I spent a long day with Mathew on Monday - very long day. I went with a bag full of goodies (an activity for every subject) and a few extras. He was as eager as I've seen him, willing to turn the TV off, nodded or uttered yes/no to my questions. We spent at least an hour. It was sooo wonderful and my day wasn't over.
Next I rode with Karen and her 2yo Andrew to pick up lunch...it was a breather from the hospital air and a time for her to make calls to orchestrate her son's move home. Karen and I ate lunch sitting in her car at the hospital. It was easier to keep Andrew strapped in his car seat with a DVD playing. I did my best to stay quiet (you know how hard it was for me!) as she talked and I listen. It was a precious time - to listen to a heart of a mother filled with hope for a miracle and disbelief of the current events. I prayed for wisdom and prayed for wisdom with every word I uttered.
Next, my duty was Andrew... 2 yo little brother who lead me around the hospital as if it was his home - which he has known ALL his life. At one point, while I had him on the hospital play ground he said he wanted Mathew. After a stop at gift shop to see what I would buy for him (such smartie!), we went to see Mathew. He immediately went to Mathew's bedside and 'checked' on him. Karen said its almost as if they switched roles.. now Andrew is the big brother.
The discharge from the hospital kept getting delayed... they thought it would be at 3... when I left at 5:30 they were still waiting. So for the last 3 hours I was there, Mat, Karen and I would keep switching roles.. one sitting with Mathew, one chasing Andrew and one 'fetching' items needed or packing the car. It was truly exhausting.
At one point, Karen and I had a brief minute with Mathew and Karen put her head on my shoulder...she is so overwhelmed with bringing a critically ill child home AND a very rowdy 2 year old, who for the past 6 months has been catered to by everyone.
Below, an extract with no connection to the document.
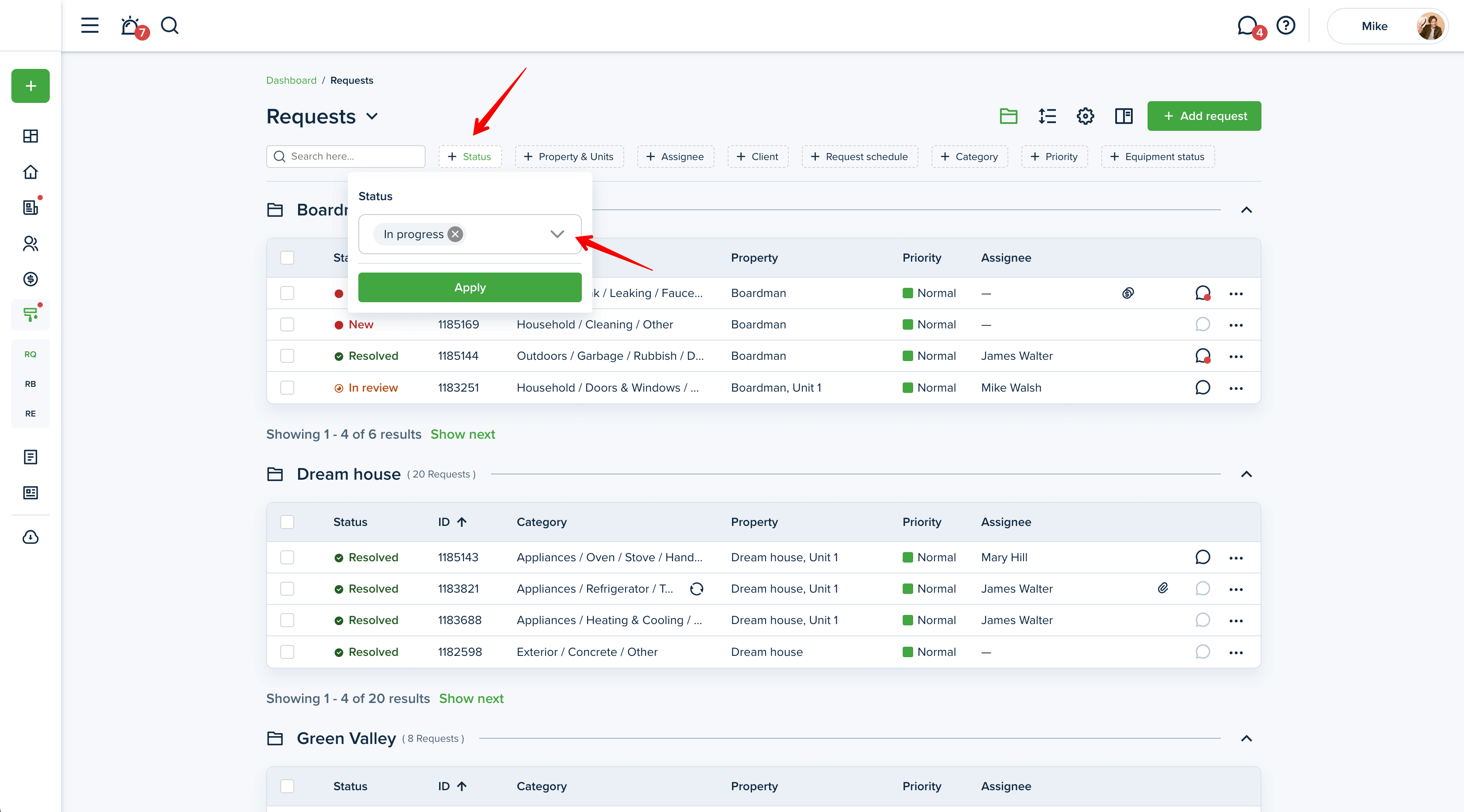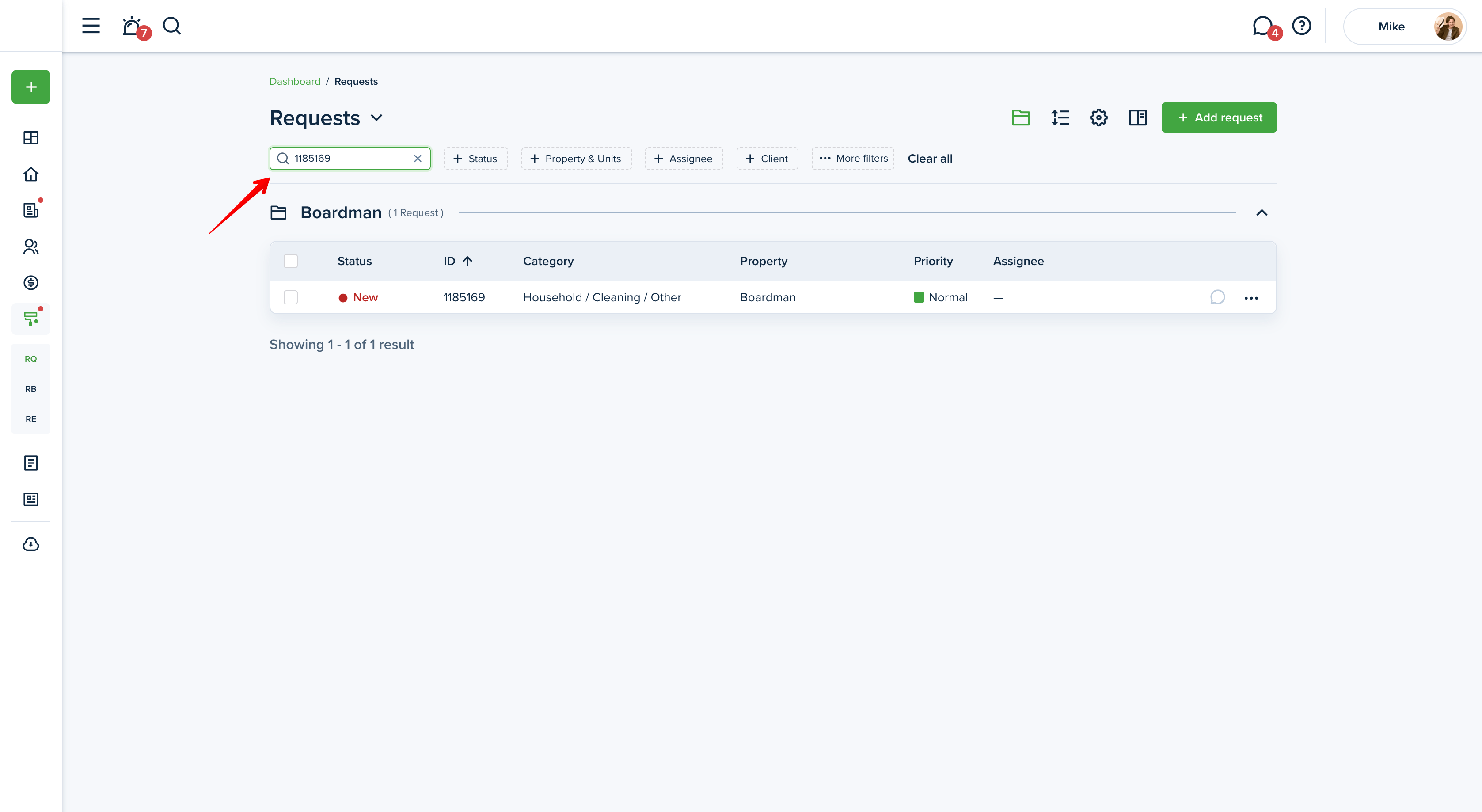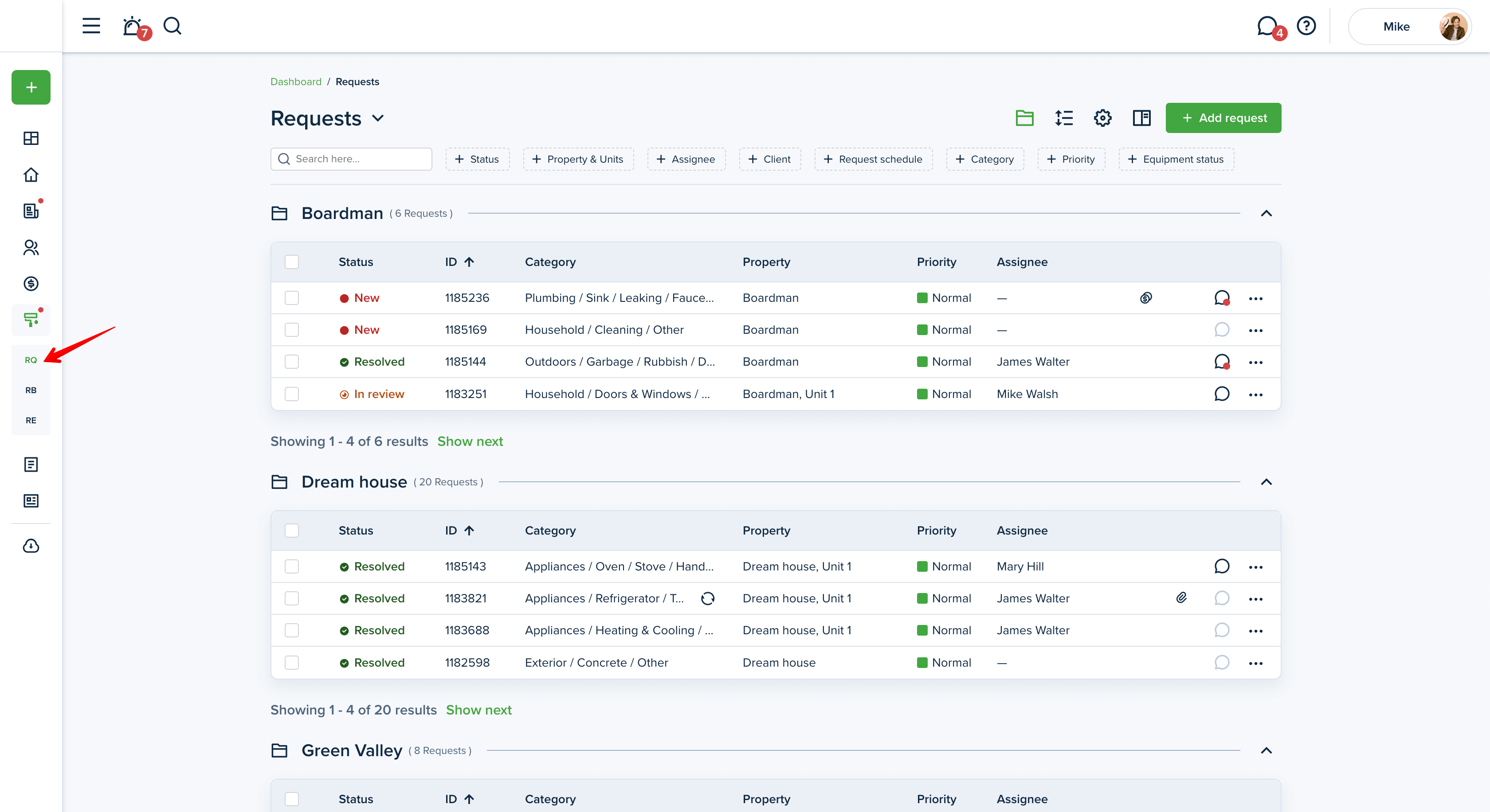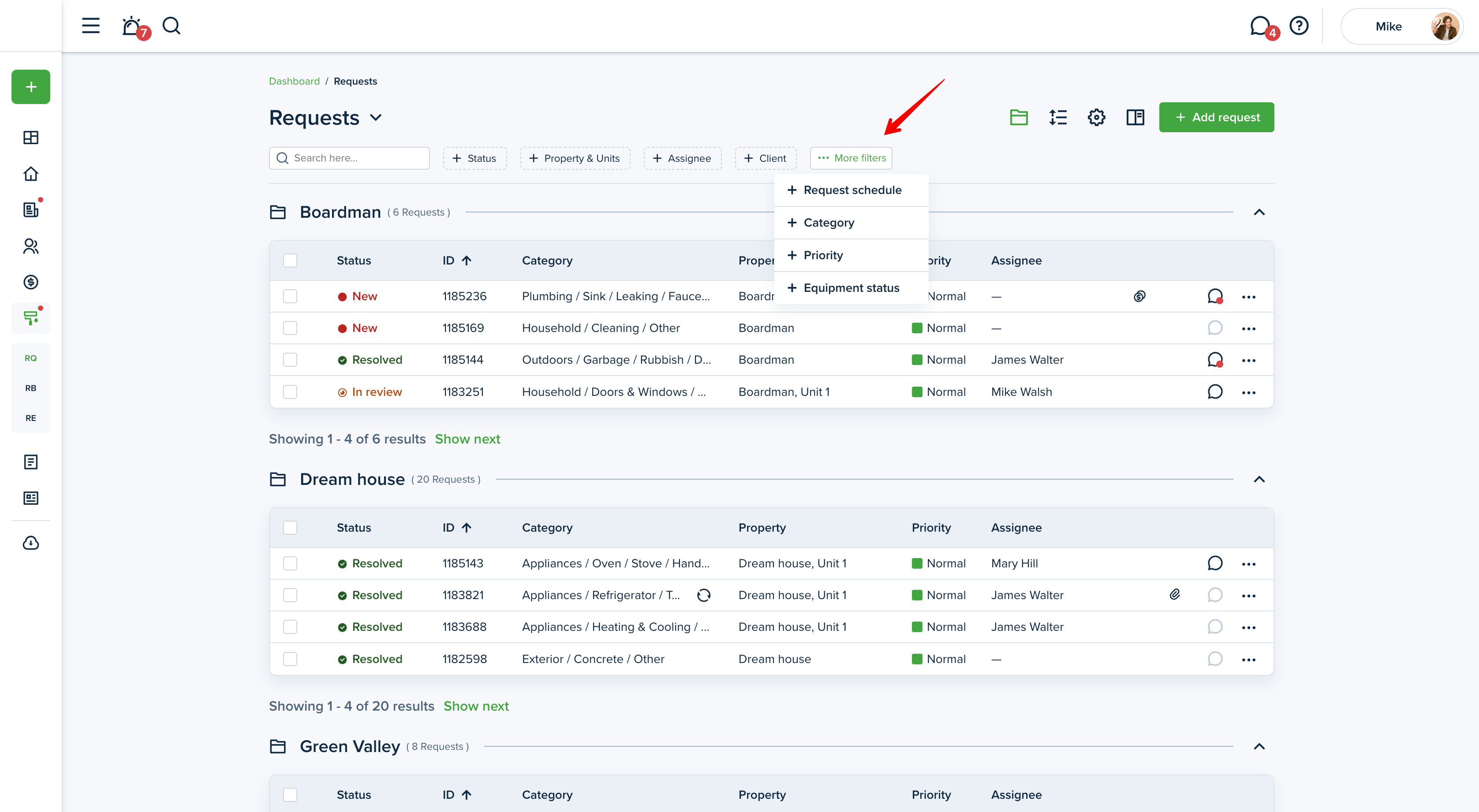 In order to filter your maintenance requests, go to the "Maintenance" section from the left-side menu of your dashboard. You will see three tabs, "Requests", "Requests board'' and "Recurring".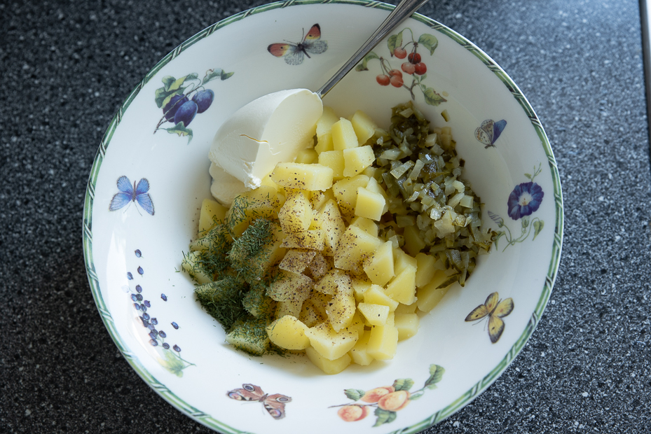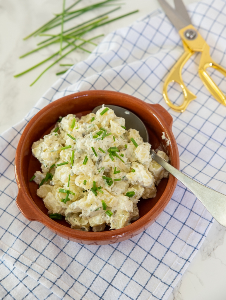 Deze aardappelsalade is heerlijk romig door de crème fraîche. Het kleingesneden augurkje zorgt voor een lekkere bite en een frisse smaak. Ook verse tuinkruiden mogen niet ontbreken! Ik gebruik dille en bieslook, die passen hier heerlijk bij. Enjoy!

The last part of the day, I was alone with Mathew and remembered our Salvation Egg given out by our church. It had seven items that represent the last days of Christ. I went through the story and showed him a Wordless Book. It was so hard to talk to this little boy about heaven, knowing he would be Home soon. I am sure he heard me and I am standing on God's promise that "God's word never returns void!"
On Mathew's caring bridge website the following journal entry was made in the guest book.. I thought she said it beautifully..
Dearest Mathew,
From your hospital room, you teach us so much. Because of you, we Mommies and Daddies hug our children a little tighter every night. We appreciate every moment of wonder and togetherness. We nurture the bond our children have with their brothers and sisters.
You are a wonderful boy – full of strong will and hope. You are loved by so many! Thank you for reminding us to love so thoroughly and wholeheartedly.
Dear Karen & Mat,
I cannot imagine the intensity of emotion you are feeling. I am so deeply sorry. My heart aches for you and for what you are having to endure. Every excruciating decision is made with the utmost of love and consideration for your Little Mathew – and so each decision is the right one.
Because of Mathew, we are reminded of how fragile life can be – but we are also learning how strong and determined we are capable of being. For your fine example, we thank you.
It is raining today as I write this and it feels so appropriate. We are crying tears for your precious child who is fighting so hard against what is ailing his little body. May God bring him comfort and peace.
I truly appreciate all the prayers lifted for me as God uses me in this family's life. I am humbled that He thinks I have something unique to offer. Thank you for keeping the Gliddon family in your prayers. I plan to go back on Monday, Mathew wants to do more school - so we will!